CINDERFELLAH CHARACTERS

BUD (who almost everyone in backwoods Hickory Hollow calls CINDERFELLAH): the often mistreated, overworked, red-headed stepchild of a hillbilly family. He got his nickname because he lives by himself in a dark, moldy cinderblock root cellar while the other members of the Bodacious family live far more comfortably in the ancestral log cabin near the running water and the rose-covered outdoor convenience.

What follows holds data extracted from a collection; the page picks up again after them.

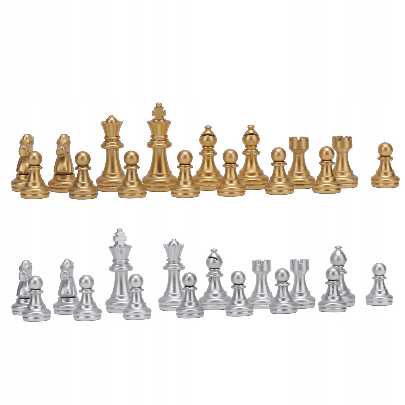 2. Золото та срібло: У упаковці є 32 шахи, 16 штук мають золотий колір та 16 срібних шматочків, які красиві і непрості у зникненні.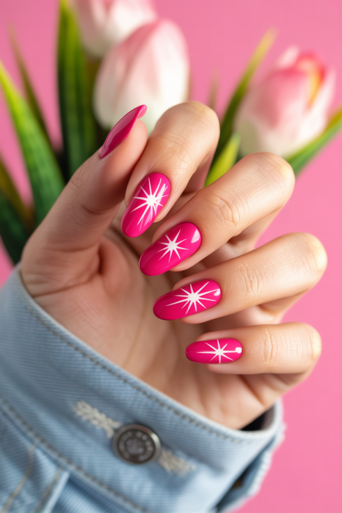 This design uses a bright pink base that catches attention instantly. Starburst patterns add a dynamic, energetic feel to the nails. The contrast between bold pink and precise star shapes creates a balanced, stylish look. It suits those who want a strong yet playful manicure for April.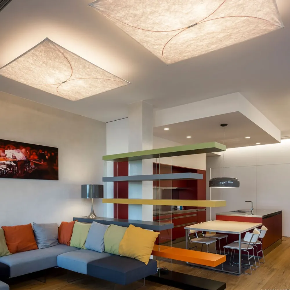 Stofbeklædt ARIETTE loftlampe fra FLOS ARIETTE loftlampen fra FLOS er i sandhed en klassiker, da den blev designet af Tobia Scarpa tilbage i 1973, hvilket taler sit tydelige sprog om dens tidløse kvalitet. Under stofskærmen med den strukturerede fiberoptik sidder der fire traditionelle glødepærer, som giver et ret diffust, næsten hyggeligt lys med en meget varm tone. Særligt genialt, og man kan se det gennem stoffet: Det er ikke skruer, der holder hele strukturen oppe – nej, man kommer til at tænke på dage i det fri, hvor man kun skulle klare sig med det allermest nødvendige, for de røde glasfiberbuer indeni, som er dækket af det hvide stof, ligner teltstænger.

BILLY BOB, BOB BOB and SISSY (The Bodacious family’s three teenaged children): give rude, lazy, indolent, insensitive spoiled brats a bad name now that they can dump their daily chores on Bud. The boys are smart-mouthed, but not too bright because their cornbread is definitely not cooked in the middle yet. Sissy makes her decisions by pulling petals off flowers and is sure that Elvis Presley will whisk her away if she could just meet him.

PAPA EARL BODACIOUS: a stern task master with Bud, but allows his own three kids to goof off because he needs the chores done and they never seem to know if they are washing or hanging out.

MAMA EARL BODACIOUS: a nebbish; a silent partner who quietly lets her common-law husband speak for her in all matters great and small.

DOLLY JANE DORIGHT: Bud’s fairy godmother. New on the job, she has to work her magic spells with the limited resources at hand on the hard-scrabble Bodacious farm.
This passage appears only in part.